I come from a very diverse (some would say dysfunctional) family. I’m closer to some of my hubby’s cousins than I am my own flesh and blood. It’s these relationships that have me wondering, ‘is blood thicker than water?’.
I married into a very traditional family. Divorce was rare and frowned upon (at the time), my in-laws had been married 25+ years and it seemed wonderful that I would gain this huge family as my own. Life has a funny way of playing tricks on me and for the longest time I felt like I didn’t belong. Enter infertility, death of my sister, adoption of my wonderful son. Fast forward 12 years and add in the death of my mom…and I still feel like I have to “fight” my way to be accepted. Then, the unexpected happens. We need help. My family can’t be bothered. And alas, here comes my husband’s family in full force. Perhaps I do belong after all.

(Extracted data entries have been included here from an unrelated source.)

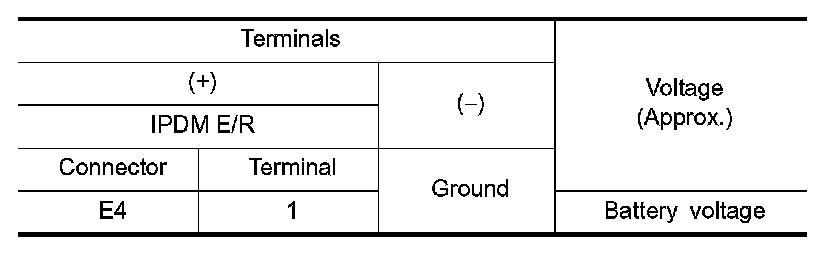 3. Check voltage between IPDM E/R harness connector and the ground.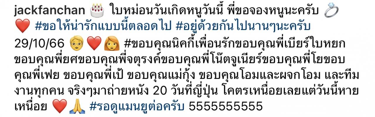 โดย หนุ่มแจ็ค โพสต์ภาพผ่านอินสตาแกรม พร้อมข้อความว่า “ใบหม่อนวันเกิดหนูวันนี้ พี่ขอจองหนูนะครับ (อีโมจิรูปแหวน) ขอให้น่ารักแบบนี้ตลอดไป อยู่ด้วยกันไปนาน ๆ นะครับ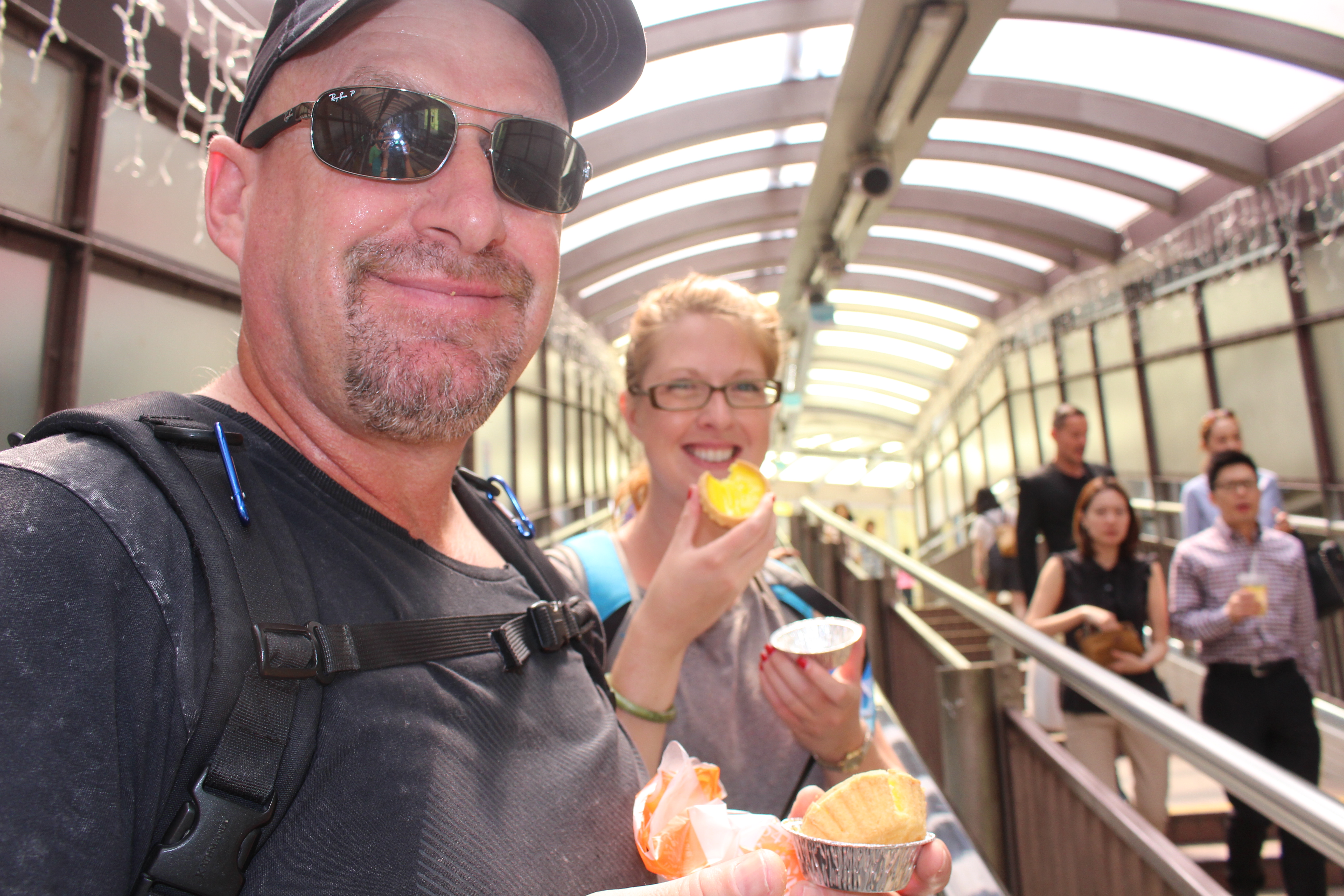 Walking down and around the back of the old Victoria Prison (also now under development), we munch on egg tarts from Tai Cheong Bakery as we make our way onto Wyndham Street and to the Peak Tram. I had no idea it climbs the hill at such an acute angle. The view from the top is spectacular though and a must-do in Hong Kong.

Then…from an unexpected chat on Facebook brings me these wonderful women who finally make me feel like I belong…that I fit. I never knew that I would have so much in common with these women who I hardly knew…but through the monthly “chats” over cards I have come to realize that I do belong, that I do fit. They have given me more laughs, more acceptance and more love than I ever thought I would be able to find and for that I’m so thankful!! I would not trade my monthly therapy sessions for anything. Love you girls!!
is blood thicker than water? absolutely not.